A quién beneficia la reforma de la ley de arrendamientos

La Ley 4/2013, de 4 de junio, de medidas de flexibilización y fomento del mercado del alquiler de vivienda es un nuevo ejercicio de lo que ya viene siendo habitual en el gobierno del PP: Esconder bajo algunas pequeñas medidas aparentemente beneficiosas para los ciudadanos un nuevo gran beneficio para los bancos y, ya de paso, aumentar la recaudación de impuestos.
Las pequeñas medidas beneficiosa para los ciudadanos es la flexibilización de los arrendamientos urbanos, que se materializa en los siguientes cambios:
  • El plazo máximo que debe permanecer el inquilino se rebaja de 1 año a 6 meses (Beneficio para el inquilino)
  • El plazo máximo de duración del arrendamiento se reduce de 5 años a 3 (Beneficio para el arrendador)
  • El arrendador podrá recuperar la finca si la necesita para él o su familia sin necesidad de haberlo hecho constar en el contrato (Claro beneficio para el arrendador)
Pero, como decimos, después de estas medidas (quizás necesarias en la actual situación jurídica) se esconde otra reforma que lleva una bomba escondida, y es que el número 2 del artículo 7 dice que: Para que los arrendamientos concertados sobre fincas urbanas surtan efecto frente a terceros que hayan inscrito su derecho, dichos arrendamientos deberán inscribirse en el Registro de la Propiedad.

Que significa esto: Pues sencillamente que cuando alguien adquiera una vivienda sólo estará obligado a respetar los derechos del inquilino si este ha inscrito el contrato de arrendamiento en el Registro de la Propiedad.

Inscribir el contrato de arrendamiento en el Registro de la propiedad implica firmar el contrato ante notario (que cobrará sus honorarios, lógicamente), pagar el 7 % del precio de una anualidad del arrendamiento por el Impuesto sobre Transmisiones Patrimoniales y Actos Jurídicos Documentados (en algunas comunidades autónomas será el 8%) y, finalmente, inscribirlo en el Registro de la Propiedad, que también cobrará sus honorarios.

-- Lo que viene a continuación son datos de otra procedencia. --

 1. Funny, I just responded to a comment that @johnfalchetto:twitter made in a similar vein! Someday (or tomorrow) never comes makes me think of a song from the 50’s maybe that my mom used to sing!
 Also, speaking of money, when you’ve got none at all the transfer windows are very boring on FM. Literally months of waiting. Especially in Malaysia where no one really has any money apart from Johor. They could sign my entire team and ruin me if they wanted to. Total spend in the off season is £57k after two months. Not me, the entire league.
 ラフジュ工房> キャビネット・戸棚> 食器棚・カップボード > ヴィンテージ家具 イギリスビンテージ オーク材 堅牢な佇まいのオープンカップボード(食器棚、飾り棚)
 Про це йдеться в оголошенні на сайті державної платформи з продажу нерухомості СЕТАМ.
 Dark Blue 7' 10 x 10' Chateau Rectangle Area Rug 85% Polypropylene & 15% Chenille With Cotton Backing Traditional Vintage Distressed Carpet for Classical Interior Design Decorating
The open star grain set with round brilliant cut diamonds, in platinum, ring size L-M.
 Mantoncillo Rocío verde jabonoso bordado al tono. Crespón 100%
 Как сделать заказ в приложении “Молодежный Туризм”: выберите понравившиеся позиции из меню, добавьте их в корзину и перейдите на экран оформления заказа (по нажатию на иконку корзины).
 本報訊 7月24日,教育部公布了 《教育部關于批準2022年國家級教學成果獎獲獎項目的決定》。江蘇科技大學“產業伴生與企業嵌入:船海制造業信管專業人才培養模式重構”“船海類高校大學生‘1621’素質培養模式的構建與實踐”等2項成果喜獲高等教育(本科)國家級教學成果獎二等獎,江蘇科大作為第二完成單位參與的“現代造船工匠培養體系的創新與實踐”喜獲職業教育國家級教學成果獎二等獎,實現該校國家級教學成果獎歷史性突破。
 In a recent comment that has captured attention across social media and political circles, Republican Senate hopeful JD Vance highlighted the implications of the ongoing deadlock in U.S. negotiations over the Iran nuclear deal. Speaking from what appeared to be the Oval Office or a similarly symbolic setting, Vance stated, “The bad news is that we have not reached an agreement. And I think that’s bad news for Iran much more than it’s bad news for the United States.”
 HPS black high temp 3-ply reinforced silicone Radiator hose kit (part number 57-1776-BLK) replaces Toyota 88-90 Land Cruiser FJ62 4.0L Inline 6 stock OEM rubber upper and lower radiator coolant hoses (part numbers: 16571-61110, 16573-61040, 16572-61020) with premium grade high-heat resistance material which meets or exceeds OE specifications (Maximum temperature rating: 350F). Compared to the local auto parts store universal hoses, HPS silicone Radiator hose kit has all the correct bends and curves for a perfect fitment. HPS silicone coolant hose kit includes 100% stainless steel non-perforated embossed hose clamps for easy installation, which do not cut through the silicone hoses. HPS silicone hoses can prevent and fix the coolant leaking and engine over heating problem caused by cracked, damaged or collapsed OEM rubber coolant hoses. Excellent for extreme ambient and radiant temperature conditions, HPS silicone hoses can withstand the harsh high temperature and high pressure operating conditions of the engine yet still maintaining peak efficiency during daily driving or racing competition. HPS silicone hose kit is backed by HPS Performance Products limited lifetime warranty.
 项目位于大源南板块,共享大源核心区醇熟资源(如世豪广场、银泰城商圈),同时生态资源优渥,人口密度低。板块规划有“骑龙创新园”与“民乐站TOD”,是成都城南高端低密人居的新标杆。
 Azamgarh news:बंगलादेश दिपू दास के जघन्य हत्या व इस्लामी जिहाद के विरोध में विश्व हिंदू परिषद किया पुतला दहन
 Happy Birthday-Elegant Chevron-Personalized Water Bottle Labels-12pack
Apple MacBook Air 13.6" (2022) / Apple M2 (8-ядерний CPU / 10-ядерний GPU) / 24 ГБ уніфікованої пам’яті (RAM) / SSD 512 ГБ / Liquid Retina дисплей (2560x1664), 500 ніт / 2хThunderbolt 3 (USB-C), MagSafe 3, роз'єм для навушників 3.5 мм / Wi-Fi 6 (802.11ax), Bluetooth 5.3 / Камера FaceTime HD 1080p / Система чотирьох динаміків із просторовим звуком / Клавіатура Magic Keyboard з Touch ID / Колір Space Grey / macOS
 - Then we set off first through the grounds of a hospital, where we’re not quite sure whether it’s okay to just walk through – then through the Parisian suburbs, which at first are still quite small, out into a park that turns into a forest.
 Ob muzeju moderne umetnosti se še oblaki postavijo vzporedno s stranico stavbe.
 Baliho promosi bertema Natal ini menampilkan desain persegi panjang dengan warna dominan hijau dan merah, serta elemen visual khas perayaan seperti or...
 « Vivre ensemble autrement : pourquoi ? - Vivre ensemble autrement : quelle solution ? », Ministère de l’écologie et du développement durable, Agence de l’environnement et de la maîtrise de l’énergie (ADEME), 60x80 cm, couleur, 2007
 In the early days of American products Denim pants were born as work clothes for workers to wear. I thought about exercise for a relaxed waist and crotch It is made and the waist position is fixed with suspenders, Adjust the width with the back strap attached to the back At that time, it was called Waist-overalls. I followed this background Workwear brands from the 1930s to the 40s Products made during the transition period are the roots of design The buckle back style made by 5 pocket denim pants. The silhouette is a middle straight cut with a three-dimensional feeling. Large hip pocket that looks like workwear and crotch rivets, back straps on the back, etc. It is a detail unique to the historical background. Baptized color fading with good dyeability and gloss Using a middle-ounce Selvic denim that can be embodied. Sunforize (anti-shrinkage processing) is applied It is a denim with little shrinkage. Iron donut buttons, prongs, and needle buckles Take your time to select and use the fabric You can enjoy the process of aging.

Además, la mayoría de las veces habrá que pagar a una Gestoría para que realice los trámites. El interesado en todo esto es el inquilino, que será quien haya de sufragarlo. Demasiado engorro para un derecho que, como mucho, disfrutaremos durante 3 años.

¿Y quiénes son los grandes beneficiarios de este cambio legislativo? Pues, por un lado, y en primer lugar, las haciendas autonómicas, que pasarán a percibir un impuesto que hasta hoy nadie pagaba (por falta de alicientes y de control, bien es cierto, que no porque no fuera obligatorio), pero por otro lado (y no hay que perderlo de vista) los bancos, que son quienes se adjudican viviendas en ejecuciones hipotecarias.

Y no es cierto que con esto se vaya a evitar la picaresca de que aquél que sabe que el banco le va a ejecutar la vivienda, ya que el que se la quiera liar al banco podrá seguir haciéndolo inscribiendo su "fingido" contrato de arrendamiento en el Registro de la Propiedad.

Los grandes perjudicados serán los inquilinos reales y cumplidores a cuyos propietarios el banco les ejecute la hipoteca, porque podrán verse en la calle sin comerlo ni beberlo, y para evitarlo habrán de pagar al notario, el impuesto, al registrador de la propiedad y a la gestoría. Como digo, demasiado engorro para un derecho que sólo le durará tres años.